Print verbatim the lines from the beginning of the entries through the line containing "필자는 이미 해당 레퍼지토리를", both ends included. Pictures should be left out.

Materials provided: Begin

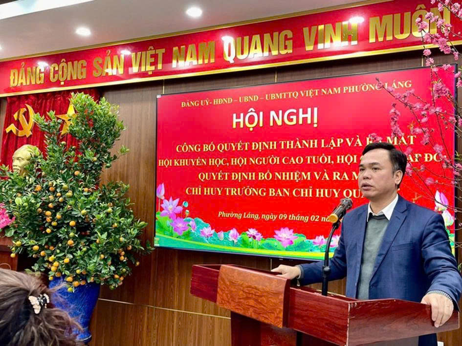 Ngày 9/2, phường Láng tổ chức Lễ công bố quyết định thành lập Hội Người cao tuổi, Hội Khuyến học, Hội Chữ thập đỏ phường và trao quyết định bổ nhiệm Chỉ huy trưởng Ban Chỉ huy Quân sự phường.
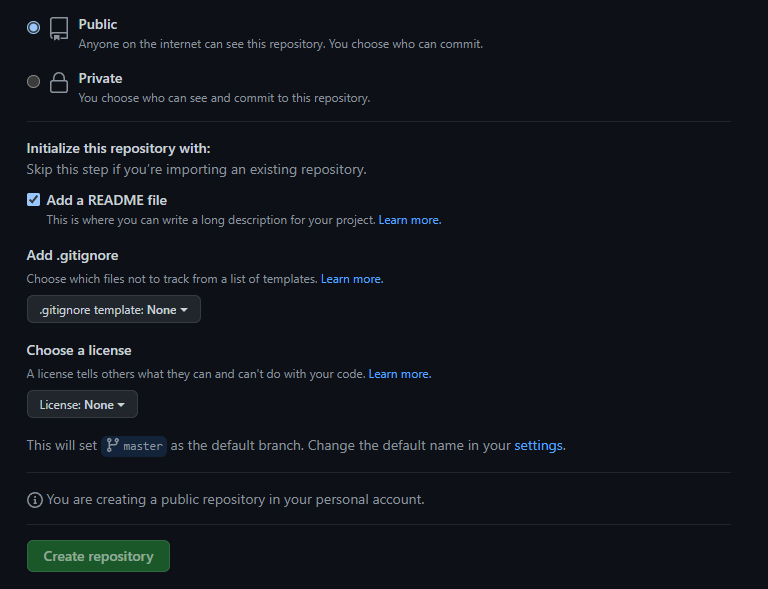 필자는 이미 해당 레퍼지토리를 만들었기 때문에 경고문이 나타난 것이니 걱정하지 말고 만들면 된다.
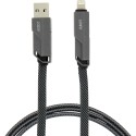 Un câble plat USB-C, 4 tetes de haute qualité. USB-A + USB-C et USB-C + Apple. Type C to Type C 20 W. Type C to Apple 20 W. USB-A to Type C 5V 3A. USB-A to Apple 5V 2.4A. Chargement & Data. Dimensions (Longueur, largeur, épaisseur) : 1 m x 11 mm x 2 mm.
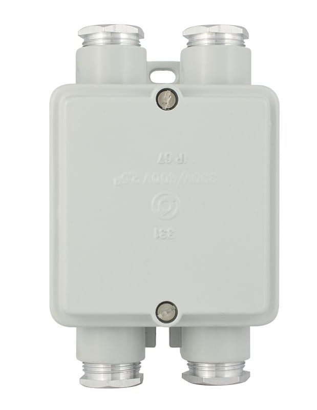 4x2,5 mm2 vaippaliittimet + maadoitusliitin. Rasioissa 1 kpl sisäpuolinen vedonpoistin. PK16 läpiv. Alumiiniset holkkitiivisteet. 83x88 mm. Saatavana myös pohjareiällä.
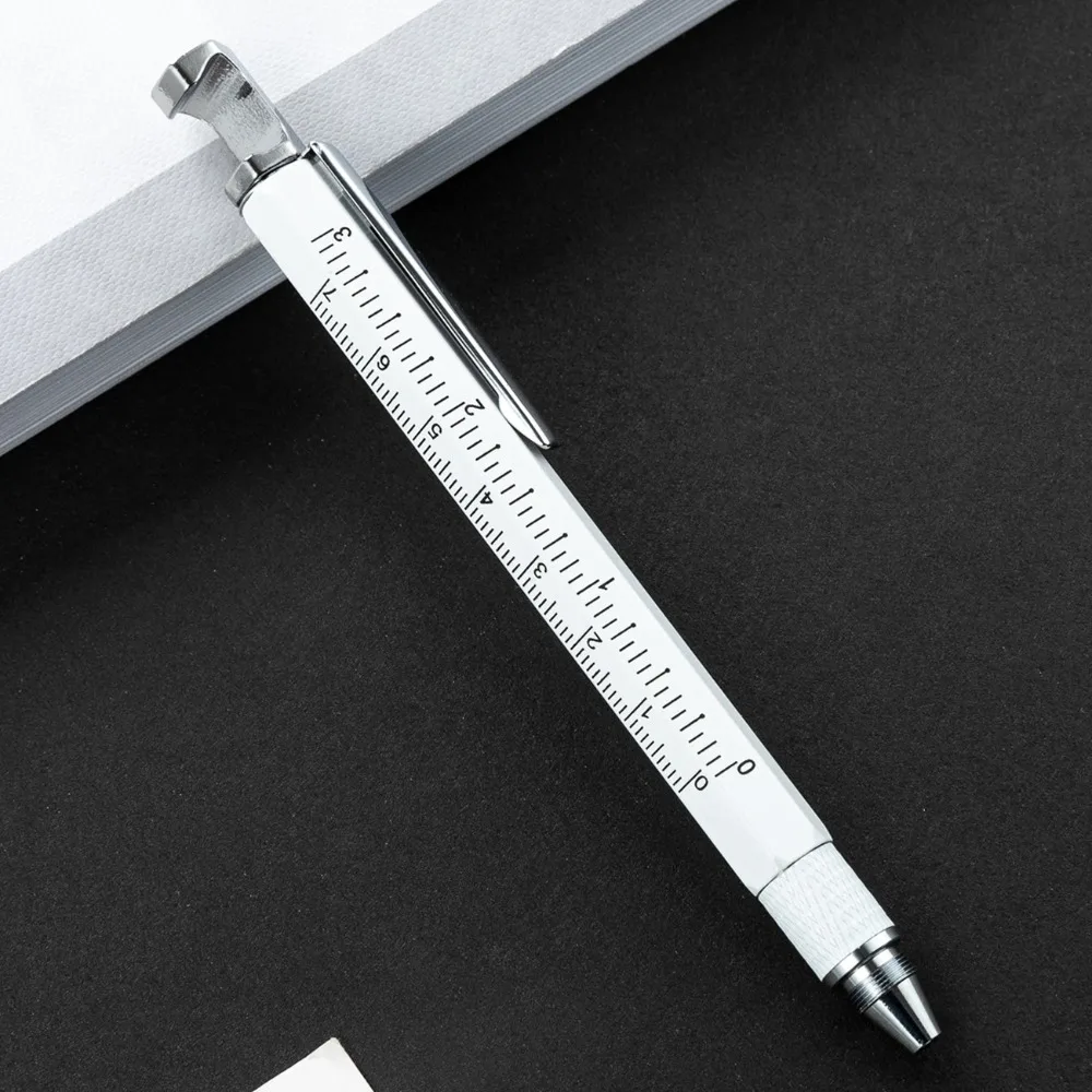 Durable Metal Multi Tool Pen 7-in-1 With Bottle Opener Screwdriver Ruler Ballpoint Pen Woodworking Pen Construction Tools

Materials provided: End

> _Exercise response_:
 Ngày 9/2, phường Láng tổ chức Lễ công bố quyết định thành lập Hội Người cao tuổi, Hội Khuyến học, Hội Chữ thập đỏ phường và trao quyết định bổ nhiệm Chỉ huy trưởng Ban Chỉ huy Quân sự phường.
 필자는 이미 해당 레퍼지토리를 만들었기 때문에 경고문이 나타난 것이니 걱정하지 말고 만들면 된다.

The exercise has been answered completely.